The initial upward velocity is $ v_y = s \sin \theta$ where $s$ is the initial speed of the arrow and $\theta$ is the initial angle of the shot (with respect tot the ground). This velocity will decrease bby the gravitational acceleration, 9.8 meters per second less each second.

The initial horizontal velocity is $v_x = s \cos \theta$. This will stay constant

To hit the target you want to arrive at the correct horizontal distance at just the time the arrow comes to the height of the target.

If the target is at the same height at the shooting point of the arrow, and at some distance $d$, this gives in the end $$ \sin 2\theta = \frac{gd}{s^2}$$.

Even if the heights differ, you just end up with a quadratic equation for $cos^2 \theta$ and you can solve that with the quadratic formula.

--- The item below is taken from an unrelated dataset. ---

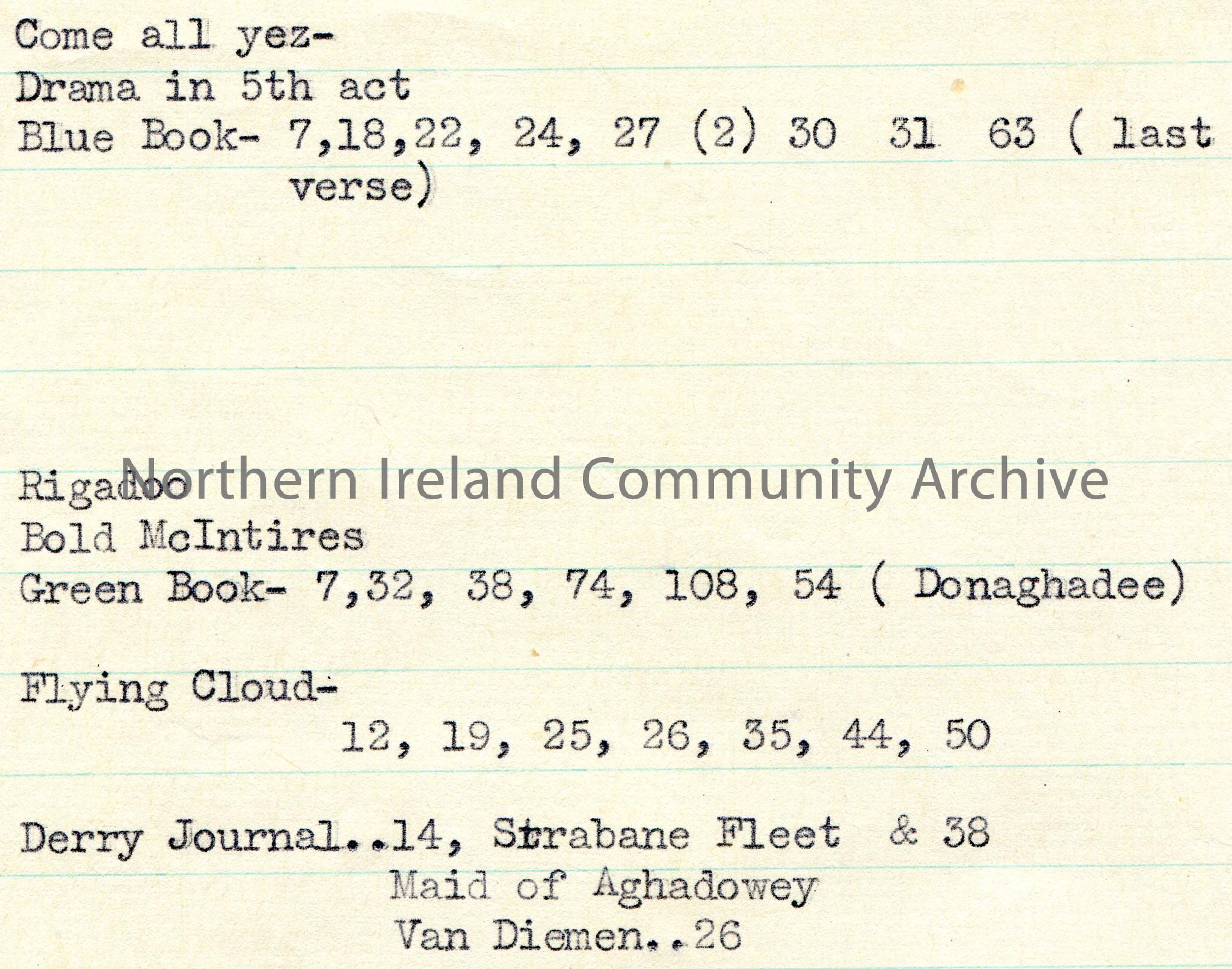 Typed notes on lined paper. Notes note in context. Possible song numbers taken from books - Blue Book, Green Book, Derry Journal. Mentions 'Strabane Fleet', 'Maid of Aghadowey', 'Van Diemen' and Donaghadee.

Notice that in both cases their are generally two solutions (except if you are shooting the arrow as far as it can go given this initial speed $s$). One has you shooting high and falling on the target; the other, shooting lower and hitting the target in the face.

Mark Fischler
  • 41,743
  • I am trying to do this in 3D. I'm slightly confused as to what you're talking about when you're talking about the horisontal velocity. Would it be the X plus the Z velocity? – user2722083 Feb 26 '15 at 15:05
  • And sorry for being a complete idiot, but what is "gd"? I know the "d" is distance, but where have you declared the "g"? – user2722083 Feb 26 '15 at 15:11
1

The fact that the $y$ velocity decreases by $0.1$ per timestep sets your timestep. Do you want to do that? If you are using metric units, you timestep is $\frac{0.1}{9.8}\approx 0.0102$ seconds. You can compute the time of flight from the $X$ and $Z$ directions-just divide the distance to go by the velocity. Then the arrow will fall $\frac 12gt^2$ in that time. Since your timesteps are $0.0102$ seconds, the arrow falls $\frac 12g(0.0102T)^2$, where $T$ is the number of timesteps until you hit the $X/Z$ position. Aim that much above the true $Y$ and you are good.

Ross Millikan
  • 374,822